Scientists and regulators expect that a proposed standard for measuring ground-level ozone pollution in the United States will triple the number of "non-attainment areas" - places that can't meet the grade. But new research published last week in the journal Science comes up with a startling conclusion: Nearly half of all rural locales in the eastern half of the United States could also be out of compliance with the standard.
The finding, led by atmospheric scientist William L. Chameides of the Georgia Institute of Technology, raises a series of far-reaching practical policy questions. The biggest: How to contain pollution in areas that aren't really generating too much bad air on their own.
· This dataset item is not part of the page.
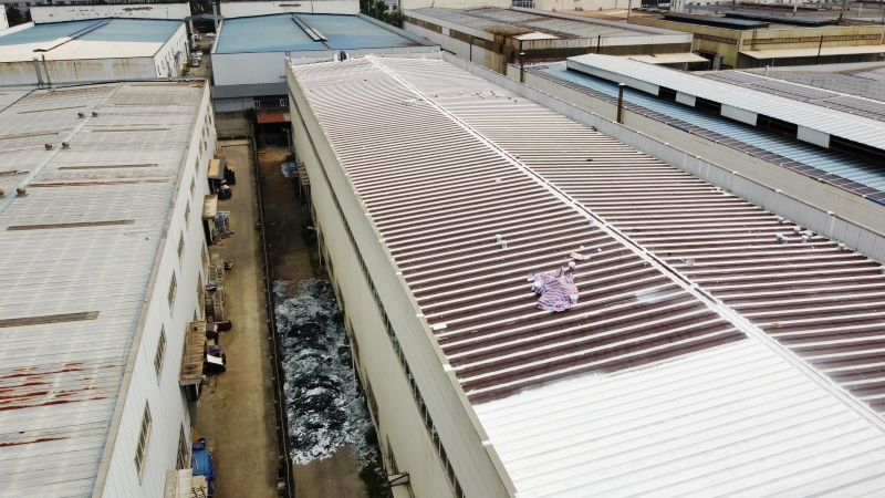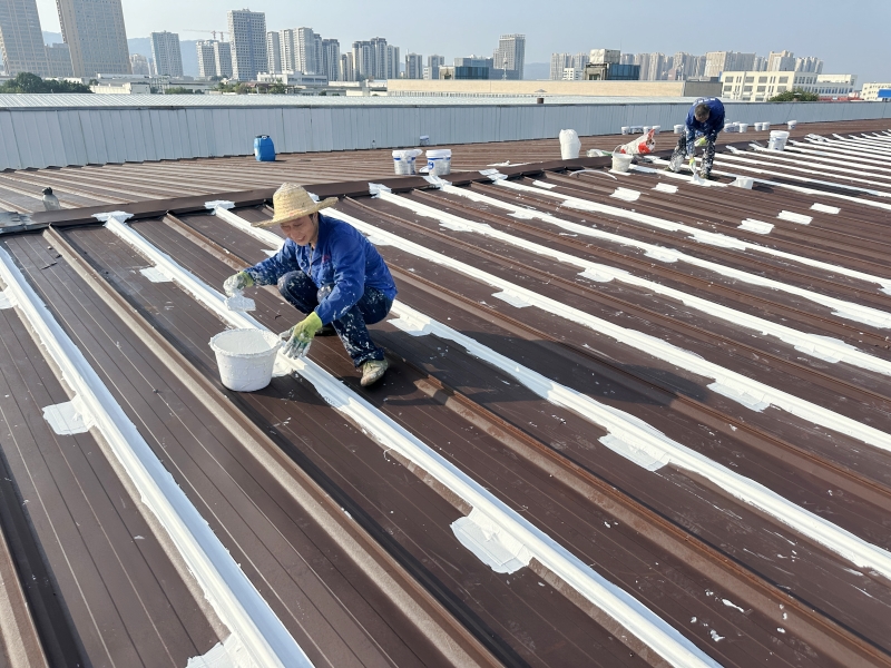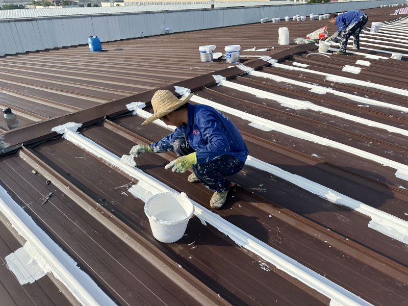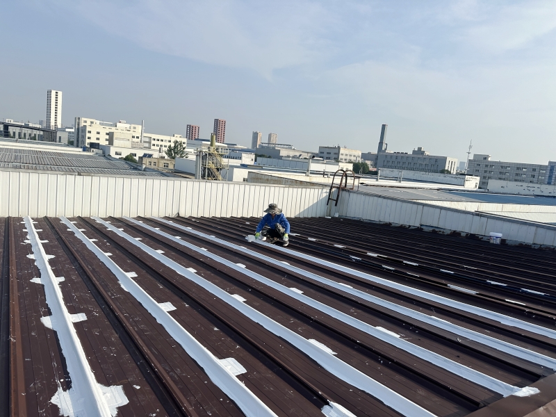 全面防水防腐翻新:整個彩鋼頂屋面滿涂SYR金屬屋面專用防水涂料進行防腐翻新,待干后再涂第二遍,形成雙重防護層,延長了彩鋼頂?shù)氖褂脡勖?/p>

"Pollution in rural areas is caused by a complicated combination of distant urban emissions and local and distant rural emissions," Chameides said in a statement, "so you need to come up with a regional strategy to address rural air pollution. Not only will this change the politics of how we address air pollution in the United States, but it will also probably affect the economics of air pollution control."
The current US Environmental Protection Agency threshold for ozone pollution is 0.12 parts per million measured over one hour at a given location. The proposed standard, suggested in the wake of recent studies of the health effects of ozone, would lower the threshold to 0.08 parts per million measured over eight hours. Under complex enforcement rules, areas would be declared out of compliance with the standard if the third-highest eight-hour ozone average in a three-year period exceeded the threshold.
Chameides and colleagues from Georgia Tech and North Carolina State University analyzed 1995 data for 85 rural stations, and found that 41 would have exceeded the new threshold. Only six of the 85 stations were out of compliance with the current standard.